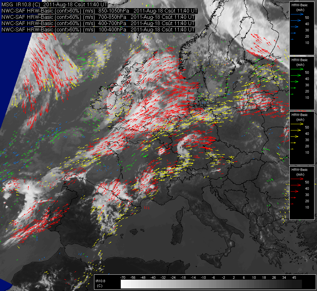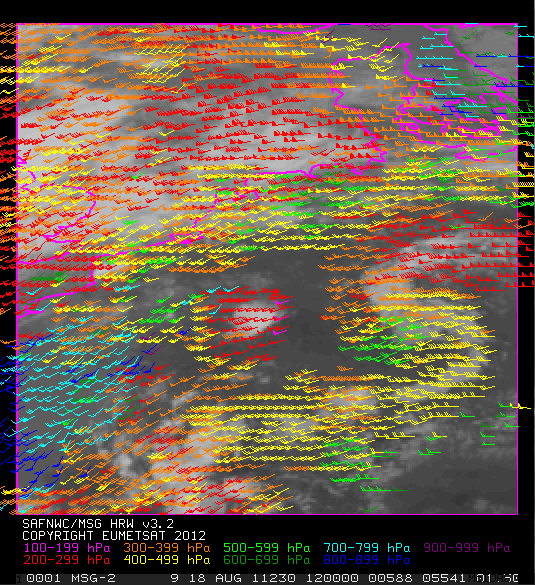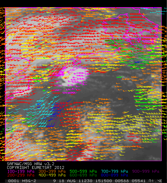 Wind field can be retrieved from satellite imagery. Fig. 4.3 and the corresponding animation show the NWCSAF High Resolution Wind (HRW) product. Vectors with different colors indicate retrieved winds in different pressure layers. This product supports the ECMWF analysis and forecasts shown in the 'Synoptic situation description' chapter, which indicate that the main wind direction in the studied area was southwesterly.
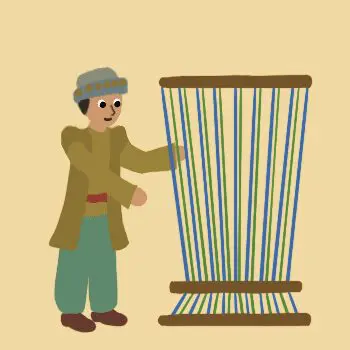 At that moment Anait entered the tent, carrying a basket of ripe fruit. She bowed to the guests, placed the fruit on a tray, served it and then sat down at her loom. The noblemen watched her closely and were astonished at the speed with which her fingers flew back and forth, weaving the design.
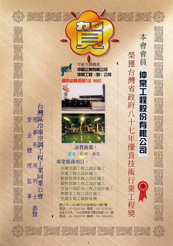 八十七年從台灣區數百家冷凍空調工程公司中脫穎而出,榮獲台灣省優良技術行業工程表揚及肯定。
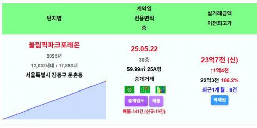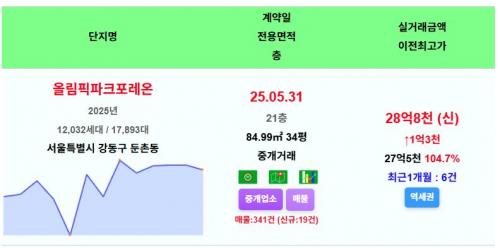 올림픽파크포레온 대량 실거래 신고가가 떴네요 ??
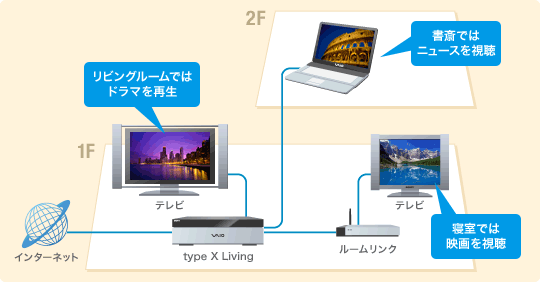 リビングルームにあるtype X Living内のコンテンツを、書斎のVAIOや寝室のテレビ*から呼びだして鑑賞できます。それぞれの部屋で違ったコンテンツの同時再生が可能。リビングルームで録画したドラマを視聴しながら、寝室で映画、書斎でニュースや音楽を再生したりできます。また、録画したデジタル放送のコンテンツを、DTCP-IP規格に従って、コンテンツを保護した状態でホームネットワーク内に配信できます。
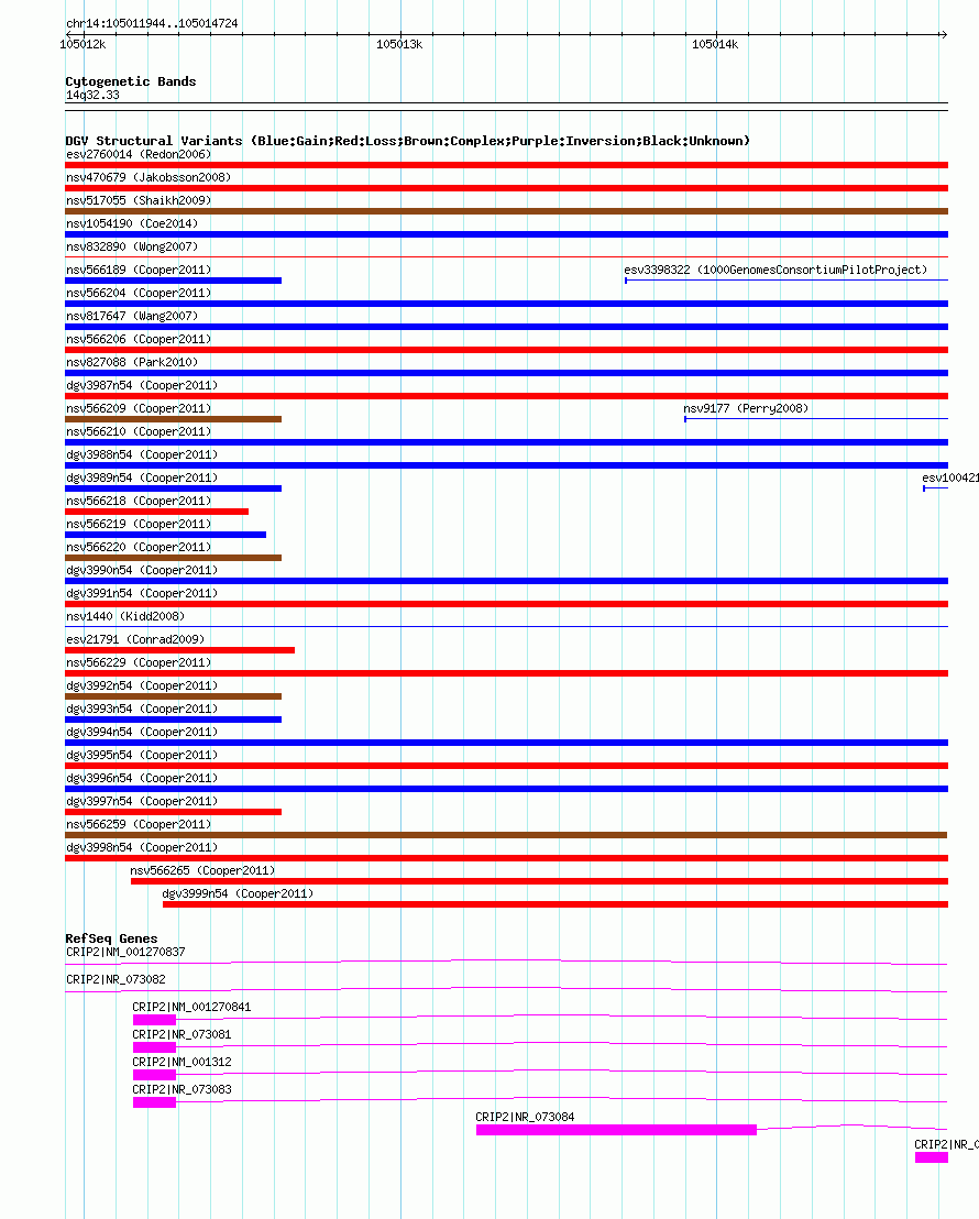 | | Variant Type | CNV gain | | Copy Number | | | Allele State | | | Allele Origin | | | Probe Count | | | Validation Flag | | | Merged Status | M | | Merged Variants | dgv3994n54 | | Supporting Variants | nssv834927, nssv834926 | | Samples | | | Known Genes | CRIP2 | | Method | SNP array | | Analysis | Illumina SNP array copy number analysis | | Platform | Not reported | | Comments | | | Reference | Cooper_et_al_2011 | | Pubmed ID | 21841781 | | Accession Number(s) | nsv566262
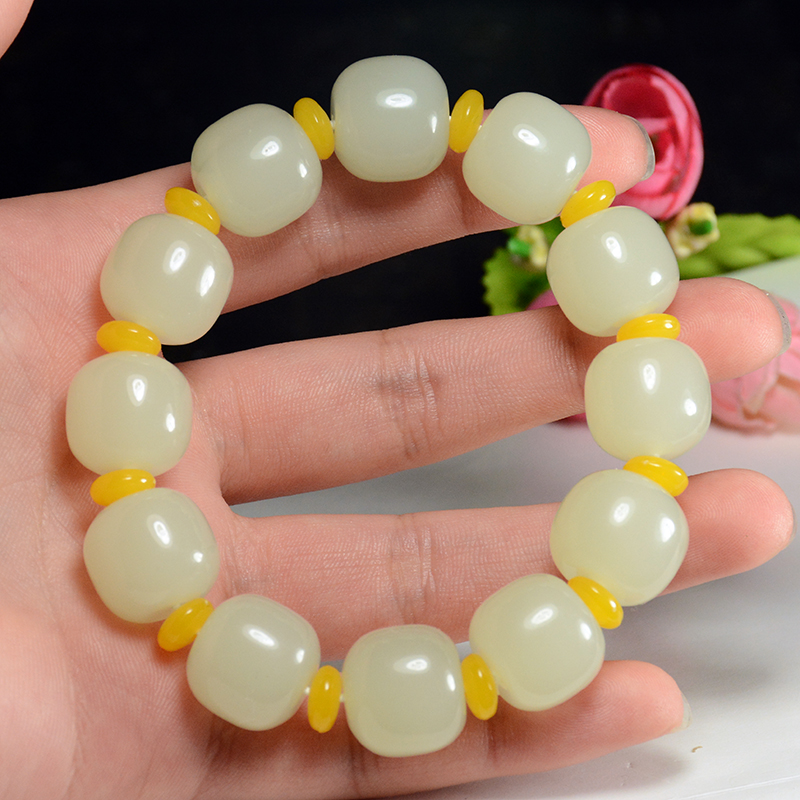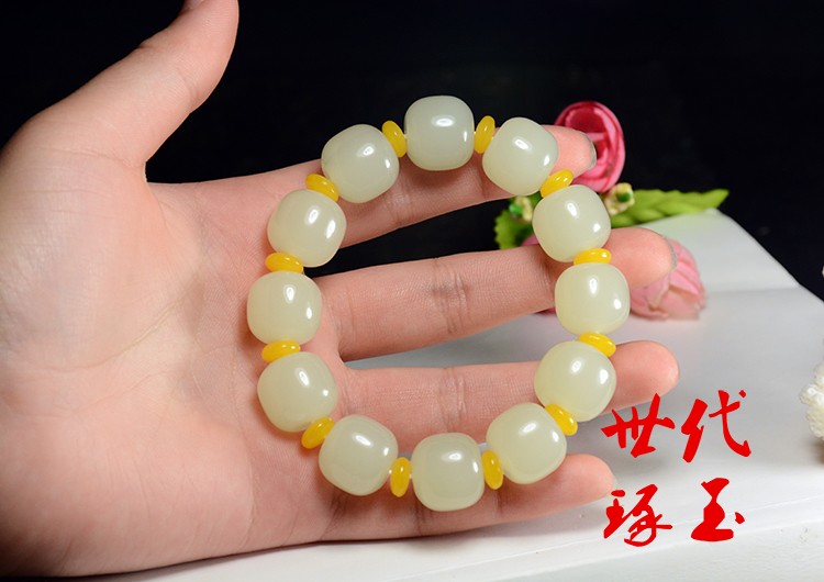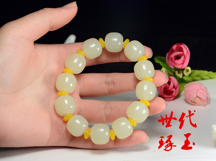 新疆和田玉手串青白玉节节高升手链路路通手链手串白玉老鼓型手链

★ ★ ★ ★ ★

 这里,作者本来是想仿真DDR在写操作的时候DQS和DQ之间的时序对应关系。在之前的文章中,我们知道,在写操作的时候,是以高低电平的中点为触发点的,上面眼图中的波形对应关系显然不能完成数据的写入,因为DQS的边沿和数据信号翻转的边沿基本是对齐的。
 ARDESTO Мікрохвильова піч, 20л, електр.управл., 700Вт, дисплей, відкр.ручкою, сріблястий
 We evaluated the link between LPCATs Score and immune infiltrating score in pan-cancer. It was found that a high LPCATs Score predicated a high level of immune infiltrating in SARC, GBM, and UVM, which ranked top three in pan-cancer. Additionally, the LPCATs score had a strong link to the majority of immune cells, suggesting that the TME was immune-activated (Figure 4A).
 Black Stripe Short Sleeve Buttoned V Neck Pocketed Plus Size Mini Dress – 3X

★ ★ ★ ★ ★

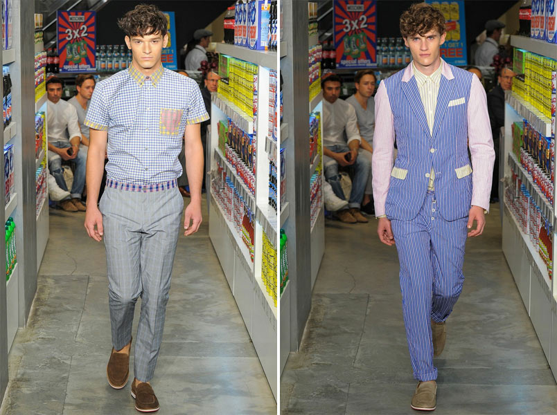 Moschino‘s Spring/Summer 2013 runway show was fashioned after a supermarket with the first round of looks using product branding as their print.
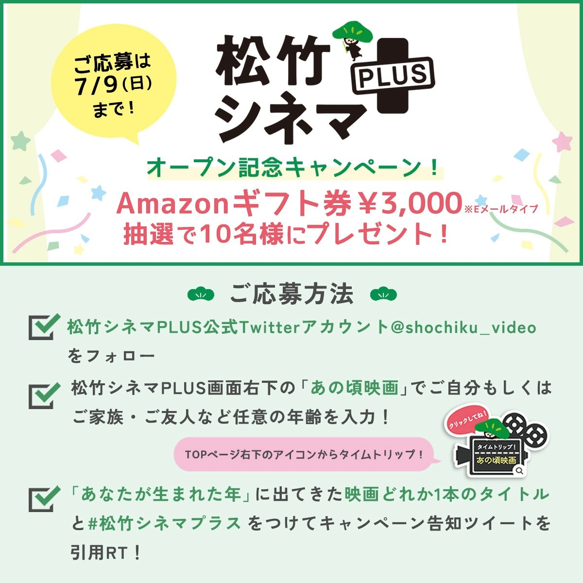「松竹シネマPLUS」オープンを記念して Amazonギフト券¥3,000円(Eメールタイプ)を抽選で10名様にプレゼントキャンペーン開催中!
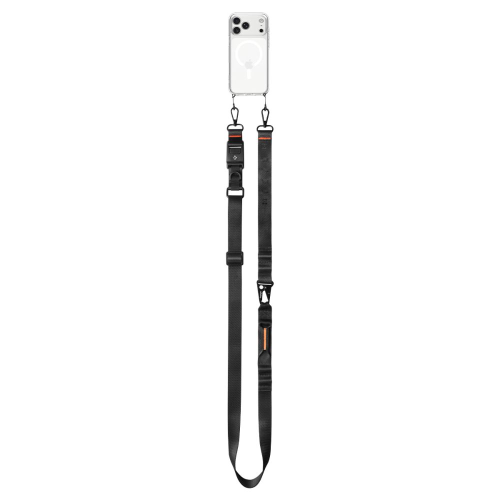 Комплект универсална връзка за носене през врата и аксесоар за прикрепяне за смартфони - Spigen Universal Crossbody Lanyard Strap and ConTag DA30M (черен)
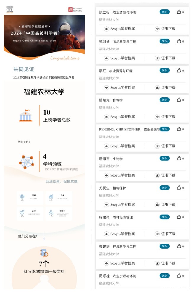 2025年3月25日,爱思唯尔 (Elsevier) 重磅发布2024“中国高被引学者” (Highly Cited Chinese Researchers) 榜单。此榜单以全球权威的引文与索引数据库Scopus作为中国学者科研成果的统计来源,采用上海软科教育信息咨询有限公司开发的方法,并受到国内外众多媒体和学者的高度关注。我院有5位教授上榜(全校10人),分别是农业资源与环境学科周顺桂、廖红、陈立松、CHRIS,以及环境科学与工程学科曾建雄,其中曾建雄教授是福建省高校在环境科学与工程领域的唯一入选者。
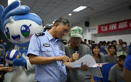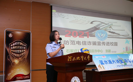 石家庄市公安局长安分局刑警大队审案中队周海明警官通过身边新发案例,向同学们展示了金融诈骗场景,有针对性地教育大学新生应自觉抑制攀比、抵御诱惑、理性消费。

★ ★ ★ ★ ★

Problem description ▸ Once the line with "Number(s) | nsv566262" is found in the data above, reproduce it and each line after it exactly, through the line with "新疆和田玉手串青白玉节节高升手链路路通手链手串白玉老鼓型手链". Omit the pictures.

Answer space ▸
 | | Variant Type | CNV gain | | Copy Number | | | Allele State | | | Allele Origin | | | Probe Count | | | Validation Flag | | | Merged Status | M | | Merged Variants | dgv3994n54 | | Supporting Variants | nssv834927, nssv834926 | | Samples | | | Known Genes | CRIP2 | | Method | SNP array | | Analysis | Illumina SNP array copy number analysis | | Platform | Not reported | | Comments | | | Reference | Cooper_et_al_2011 | | Pubmed ID | 21841781 | | Accession Number(s) | nsv566262
 新疆和田玉手串青白玉节节高升手链路路通手链手串白玉老鼓型手链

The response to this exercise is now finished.